Стоит ли признаваться. стоит ли признаваться, что в эту минуту я гораздо сильнее хотел отомстить за отца, чем защитить Дженни?
— Стой там, — повторил Остроухий, утаскивая Дженни.
У нее закрутился вокруг ног подол ночной рубашки, а пятки волочились по полу.
Непонятно откуда, к ним присоединился еще один человек в маске, размахивающий факелом. В вестибюле теперь было полно дыма. И в другой части дома я видел пламя, лизавшее двери гостиной. Человек с факелом подбежал к шторам, поджег их, и теперь почти весь дом пылал вокруг нас, и ни мистер Берч, ни я не смогли бы это остановить.
В какой-то миг я подумал, что они отпустят Дженни, но не тут-то было. Пока ее тащили к повозке и заталкивали внутрь, она кричала, и кричала, когда третий человек в маске взмахнул на кучерском месте вожжами, и повозка задребезжала, удаляясь в темноту, а мы остались — выбираться из горящего дома и спасать из лап огня наших погибших.
1
Хотя сегодня мы хоронили отца, первая моя мысль, когда я проснулся, была не о нем и не о похоронах, а о буфетной комнате на площади Королевы Анны.

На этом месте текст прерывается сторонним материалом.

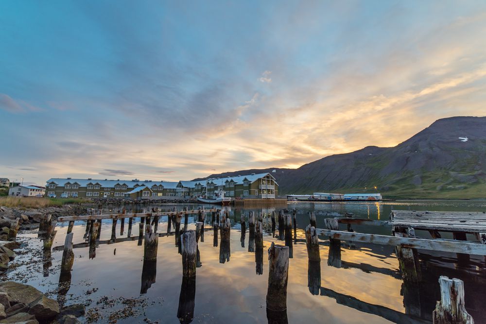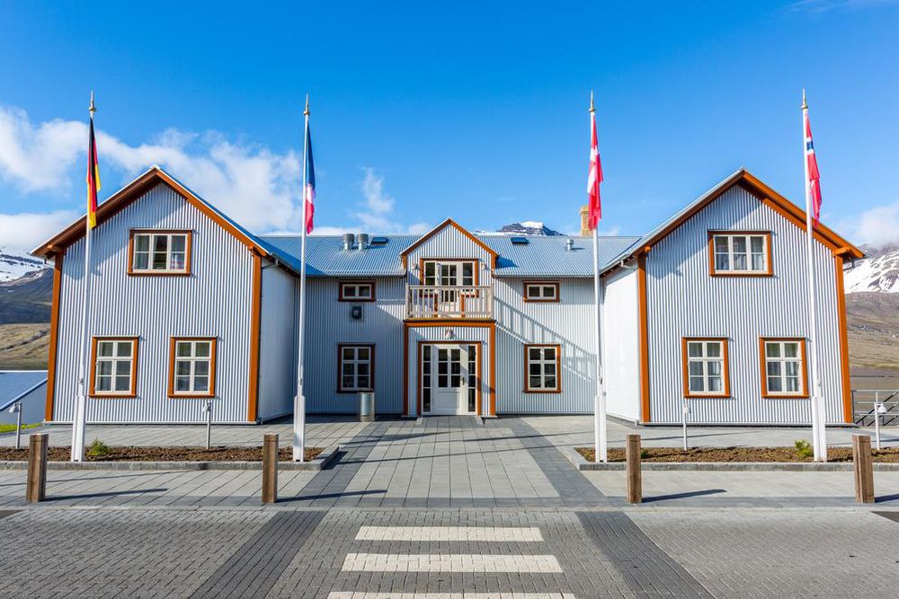 L'hôtel est divisé en quatre bâtiments, tous construits dès le 19ème siècle et utilisés à l'origine comme hébergement par les pêcheurs français. L'hôtel possède également un musée qui raconte l'histoire de ces pêcheurs. Le restaurant d'inspiration française, L'Arabi, sert des plats français avec une grande influence islandaise. Toutes les chambres offrent une vue unique sur le fjord et les montagnes.
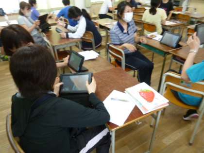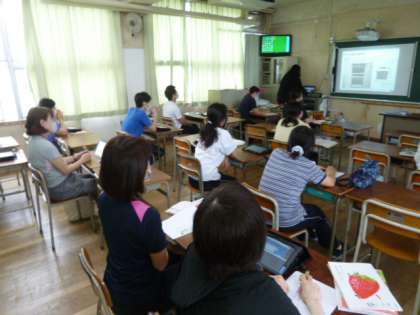 6月12日(金)放課後にICT研修会を行いました。タブレットの使い方やアプリケーションの研修をしました。参加した先生たちは研修した内容を、どのように授業に活かすかイメージしながら、話し合いをしていました。

Они не пытались туда войти. Отец нанял двух солдат, потому что опасался грабежа, но наши злоумышленники проникли наверх, даже не пытаясь ограбить буфетную.

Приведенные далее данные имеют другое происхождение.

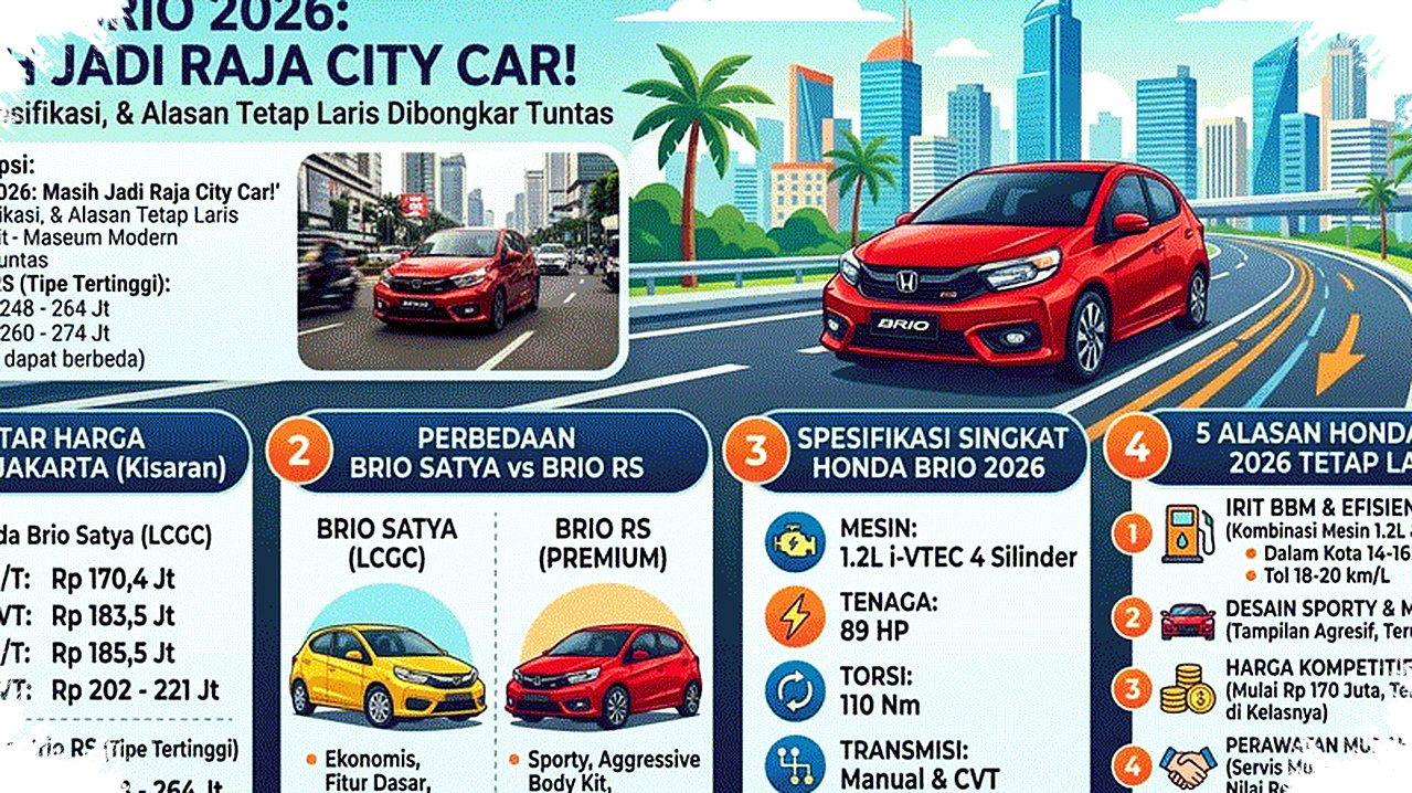 Dengan harga mulai Rp 170,4 juta dan pilihan varian yang cukup luas, Honda Brio 2026 tetap menjadi salah satu city car paling rasional di pasar. Mobil ini masih menawarkan paket lengkap bagi konsumen yang mencari kendaraan pertama, mobil keluarga kecil, atau city car harian yang praktis dan mudah dirawat.

Потому что они явились за Дженни, вот почему. А убийство отца? Было ли оно частью плана?
Вот о чем я размышлял, проснувшись в холодной комнате — и в этом не было ничего необычного, комната и должна быть холодной. В общем-то, так бывало всегда. Но сегодня в комнате было особеннохолодно. Сегодня просто зуб на зуб не попадал, и пробирало до самых костей. Я глянул на камин, удивляясь, почему от огня не идет тепло, и увидел, что в нем темно, а решетка покрыта серым пеплом.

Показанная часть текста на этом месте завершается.